# An Example of Servo-Constraints in Mechanics

Common Topics: constraint, trolley, question, first, function

Servo-constraint was invented by Henri Beghin in his Ph.D. thesis in 1922. For details see the celebrated monograph in rational mechanics by Paul Appell.

To understand what this is, we consider the following example. A trolley of mass ##M## can move freely along the horizontal ground in the standard gravity field. A pendulum is placed on the trolley. The pendulum consists of a massless rod of length ##b## and a mass point ##m##. The position of the system is described by the generalized coordinates ##x,\psi##. Where ##x## is a horizontal coordinate of the pendulum’s pivot (see the picture).

A horizontal force ##\boldsymbol F=F\boldsymbol e_x## applied to the trolley provides fulfillment of the equality $$\dot x+a\dot\psi=0,\qquad (1)$$ here ##a\ne 0## is a constant. So equation (1) determines a servo-constraint.

Let us discuss the statement of our problem. The first question is: is such a statement correct? In other words, can equality (1) be provided by such a force ##\boldsymbol F##? And the second question is: does (1) determine an ideal constraint?

To answer these questions let us forget about constraint (1) for a while and assume that just some force ##\boldsymbol F## is applied to the trolley.
Then the equations of motion are
$$\frac{d}{dt}\frac{\partial L}{\partial \dot x}-\frac{\partial L}{\partial x}=F,\quad \frac{d}{dt}\frac{\partial L}{\partial \dot \psi}-\frac{\partial L}{\partial \psi}=0,\qquad( 2)$$
where
$$L=\frac{m}{2}\Big(\dot x^2+b^2\dot\psi^2-2\dot x\dot\psi b\cos\psi\Big)+\frac{M}{2}\dot x^2-mgb\cos\psi.$$
To avoid long formulas we present a scheme of the argument. Equations (2) can be written in the form
$$\ddot x=u(x,\psi,\dot x,\dot \psi,F),\quad \ddot\psi =v(x,\psi,\dot x,\dot \psi,F).\qquad (3)$$
Now differentiate equality (1):
$$\ddot x+a\ddot \psi=0 \qquad (4)$$ and substitute here formulas (3) to get
$$u(x,\psi,\dot x,\dot \psi,F)+a v(x,\psi,\dot x,\dot \psi,F)=0.\qquad (5)$$
It turns out that the function ##F=F(x,\psi,\dot x,\dot \psi)## is uniquely determined by equations (5) provided
$$b+a\cos\psi\ne 0.$$
Summarize our results. Assume that the last inequality is fulfilled and the function ##F=F(x,\psi,\dot x,\dot \psi)## is defined as above, then the function ##f= \dot x+a\dot\psi## is a first integral of equations (2). Particularly, if initial conditions satisfy (1) then (1) will be satisfied for all time till the solution exists.

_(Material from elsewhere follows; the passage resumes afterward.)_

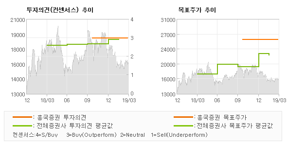 | 의견제시일자 | 증권사 | 투자의견 | 목표가 | | 20190328 | 흥국증권 | BUY(유지) | 26,000 | | 20190325 | KB증권 | BUY(유지) | 22,000 | | 20190321 | 신한금융투자 | BUY(유지) | 21,500 | | 20190314 | 한국투자증권 | BUY(유지) | 21,000 |

This gives positive answer to the first question. The answer to the second question is negative: ##F\delta x\ne 0\quad (\delta x+a\delta\psi=0)## since ##F\ne 0##. Moreover, in case of ideal constraints equations of motion have well-known form:

$$\frac{d}{dt}\frac{\partial L}{\partial \dot x}-\frac{\partial L}{\partial x}=\lambda,\quad \frac{d}{dt}\frac{\partial L}{\partial \dot \psi}-\frac{\partial L}{\partial \psi}=a\lambda.$$

Compare it with (2).

Discuss briefly dynamics of this system. The second equation of system (2) has the form
$$b\ddot\psi-\ddot x\cos\psi-g\sin\psi=0.$$
Substitute here ##\ddot x## from (4) to have
$$\ddot\psi-\frac{g\sin\psi}{b+a\cos\psi}=0.\qquad (6)$$
This system has a weird first integral of energy type
$$\frac{1}{2}\dot\psi^2+\frac{g}{a}\log\Big|\frac{b}{a}+\cos\psi\Big|=h.$$
From (6) we deduce that if ##b+a<0## then upper vertical equilibrium ##\psi=0## is stable.

Tags:
4 replies
1. clscst says:

it is very interesting, but its value is negative, because it does not state the problem to solve, meaning what are servo constraints??? what "problem" did it solved (back in 1922)???
or maybe this is an article directed to whom ever knows the THING and not layman, if so…apologies.

2. wrobel says:
Stephen Tashi

Fix typo: "pendulum started" instead of "pendulum stated" ?Thank you, there must be "pendulum is placed" ,i do not know how to fix it

3. Stephen Tashi says:

Fix typo: "pendulum started" instead of "pendulum stated" ?

4. Tom.G says:

The article would be easier to read if the type was darker.